- Subscribe to RSS Feed
- Mark as New
- Mark as Read
- Bookmark
- Subscribe
- Printer Friendly Page
- Report Inappropriate Content
When I started working for ServiceNow, I was struck by how fast the Knowledge Management system was. This is far from universal in our industry, so I began to consider why.
Have you ever written an article or piece of text in Word and pasted it directly into a website CMS, say Wordpress? All the formatting copies across, even images – pretty nifty, right? Well, if you’ve ever examined the subsequent HTML, you’ll know it’s not really. I know it’s an expression which is totally overused but I’m embracing it today: a picture is worth a thousand words. Or perhaps a thousand kilo bytes. Now, I’m all in favour of using images to explain a problem or illustrate a point in a knowledge article. Screenshots, diagrams, if it clarifies the solution, by all means go for it.
But images tend to be big and not always easy to store. Back in the day when I was still building HTML pages by hand, adding an image was quite an undertaking: you resized it, uploaded it to FTP, got the URL, updated your image tag, set all the attributes. It wasn’t easy and was pretty time consuming.

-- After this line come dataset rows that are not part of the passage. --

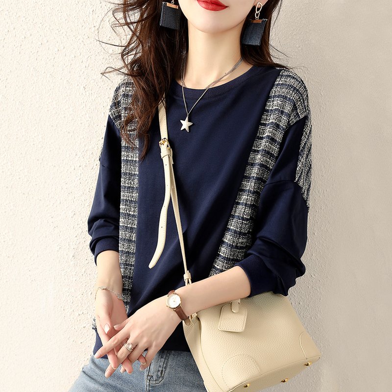 Plaid stitched navy blue embroidered long-sleeved sweater
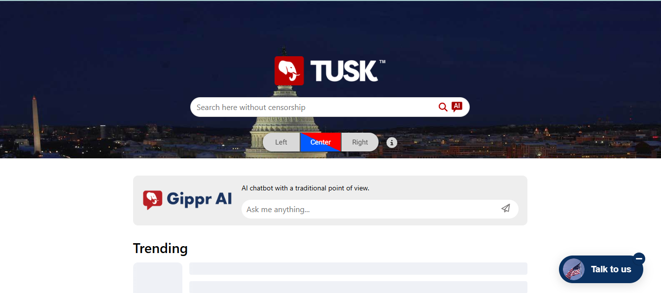 Tusk Search is among the most important search engines matching the conservative line; its main aim is to guarantee speech and balanced results. Although it was made primarily for the conservative audience, it has the feature that allows the users to filter news and search results based on their political ideology – right, left, or center, so it is you who determines what you will see.
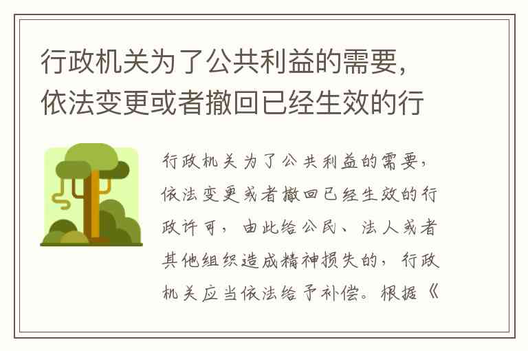 行政机关为了公共利益的需要,依法变更或者撤回已经生效的行政许可,由此给公民、法人或者其他组织造成精神损失的,行政机关应当依法给予补偿。

Then Microsoft Word came along and we all started writing our documents with all the fancy formatting Word allows and just copied/pasted everything right into the rich-text editor. Not only did it retain all the formatting it also copied the images. But as easy as this was in the user interface, the result was often disastrous under the bonnet. It might look clean to the uninitiated, but it ballooned the size of the resulting HTML file. I know what you’re thinking, does document size really matter? Surely a few kilo bytes are not going to make much of a difference. Let’s have a look at how Word behaves exactly.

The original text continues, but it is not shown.